Para mi suerte, otras seis personas, con pasajes para el viaje de regreso a Batabanó, llegaron tarde, por las mismas razones que las de mi retraso, sumándose al reclamo que le hacía a los tripulantes, que desde arriba, nos miraban sin inmutarse. La impasible actitud de aquellos marineros iba encendiendo los ánimos de los que comenzamos a exigir la presencia del capitán del barco, quien apareciera para dar la orden de soltar amarras, provocando que a la escala, levantada a casi dos metros del suelo, saltaran, apoyándose uno en el otro, dos de los más ágiles del grupo de los que habíamos quedado en tierra.

El solo hecho de no poder realizar maniobras en esas condiciones, hizo que el capitán se lo pensara dos veces y después de un buen rato de intentar que bajaran de la escala, cometiera el error de dar la orden de apoyarla en el suelo de hormigón, para que abandonaran su posición aquellos dos, situación que aprovecháramos los demás para acomodarnos como pudimos en los peldaños de la escala, que ante la negativa de los que ya la habíamos ocupado, comenzaba a suspenderse en el aire nuevamente.

Nunca pude entender, que era lo que motivaba a una persona, con la responsabilidad de dar un servicio como aquel, asumir tal actitud beligerante y negativa, máxime cuando conociera las razones de peso, que provocaran el retraso del grupo de personas, que nos habíamos visto envueltos en las circunstancias que finalmente acarrearan tan desagradable situación y que solo argumentando que cumplía órdenes, consideraba justificada su actitud.

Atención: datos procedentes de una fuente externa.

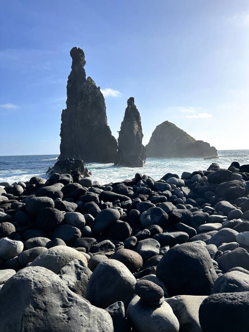 Verstopt tussen de plaatsjes Seixal en Porto Moniz bezoeken wij voor de kust een bijzondere rotsformatie in de zee. Hier steken enorme rotsen kaarsrecht uit het water: Ilhéus da Ribeira da Janela. Een mooie stop als je in de buurt bent!

Finalmente se impuso la cordura y sin más remedio, ante la presión de los pasajeros, tuvo el capitán del barco que aceptar subiéramos a bordo y realizáramos el viaje de regreso. Aquel incomodo episodio, logró mermar, hasta ya no apetecerme nunca más, hacer los viajes en Ferry a la Isla de la Juventud.
Así terminaba mi pasión por la travesía en barcos, de la misma forma que fuera perdiendo calidad, un servicio que en los comienzos que yo conociera, valía la pena aficionarse.